The Year 10 students are studying the Great Pacific Garbage Patch (GPGP)  ̶  the largest accumulation of ocean plastic in the world located between Hawaii and California.

Through the use of mathematical processes, science and technology, the students are determining the area of the outer region of the GPGP to establish the mass of garbage within that section.

This month, 24-year-old Dutch inventor and CEO of The Ocean Cleanup Boyan Slat launched a barrier system he has invented to collect and remove rubbish from the Pacific Ocean – a system he believes will lead to a 50 per cent reduction of the mass of garbage in five years’ time.

The girls are conducting their own investigations as to whether Boyan Slat’s claim is true.

St Margaret’s Head of Mathematics Faculty Vicki Strid said the task linked classroom learning to real world problems.

“It focuses the girls attention on a significant global environmental issue and, with The Ocean Cleanup System 001 recently deployed, the girls can see their own decisions being either confirmed or not in real time,” Ms Strid said.

Far from just numbers and statistics, this project also incorporates an enriching service learning aspect.

“The girls are witnessing the importance of sustainability first hand,” she said.

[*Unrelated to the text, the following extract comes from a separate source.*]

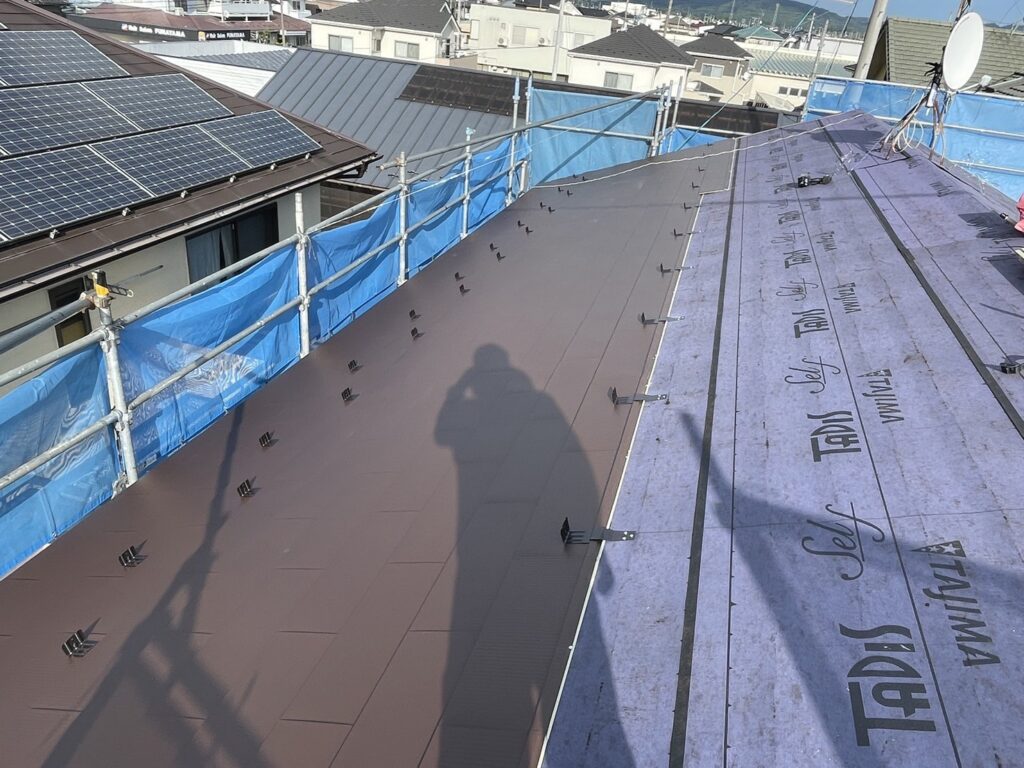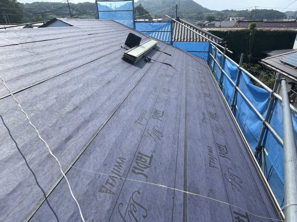 ルーフィング(防水シート)を新しく敷き、

“They are serving our global community through investigating solutions to this significant world problem.

“This assignment is not just about how maths can be used in real life; it is also an assignment about social conscience and challenging what people see as an impossible task.”

Student Eva Campbell said she felt inspired that through this project she was also attempting to solve a significant world problem and is already making better choices when it comes to plastics and waste disposal.

“Understanding the magnitude of human rubbish that collectively forms the Great Pacific Garbage Patch is horrifying and would make anyone studying it want to take action and save the planet,” Miss Campbell said.

“In the future I will be far more cautious when it comes to plastic and waste disposal and will endeavour to take steps to minimise any harmful contributions to the environment that comes with western living.”

“Not only that, but I have definitely become more of an advocate for the ‘ban the plastic straw’ campaign!”

Many people believe that cleaning up the ocean garbage patches is impossible; however, Ms Strid believes in Boyan Slat’s solution.

“If this works, which I am confident it will, the girls will see that the impossible can and should be challenged,” she said.

“Through STEM, critical thinking and creative problem solving these young women can change the world.”

The project also has the added benefit of highlighting possible future STEM careers to the girls, with Eva Campbell now interested in a career as a chemical engineer.

“My first job would be to invent a biodegradable plastic that would be as strong as Polyethylene terephthalate (PET) and as readily-biodegradable as plant-based hydro-biodegradable plastics,” she said.

“As a bonus, I would engineer it so that the break down by-products would double up as fish food!”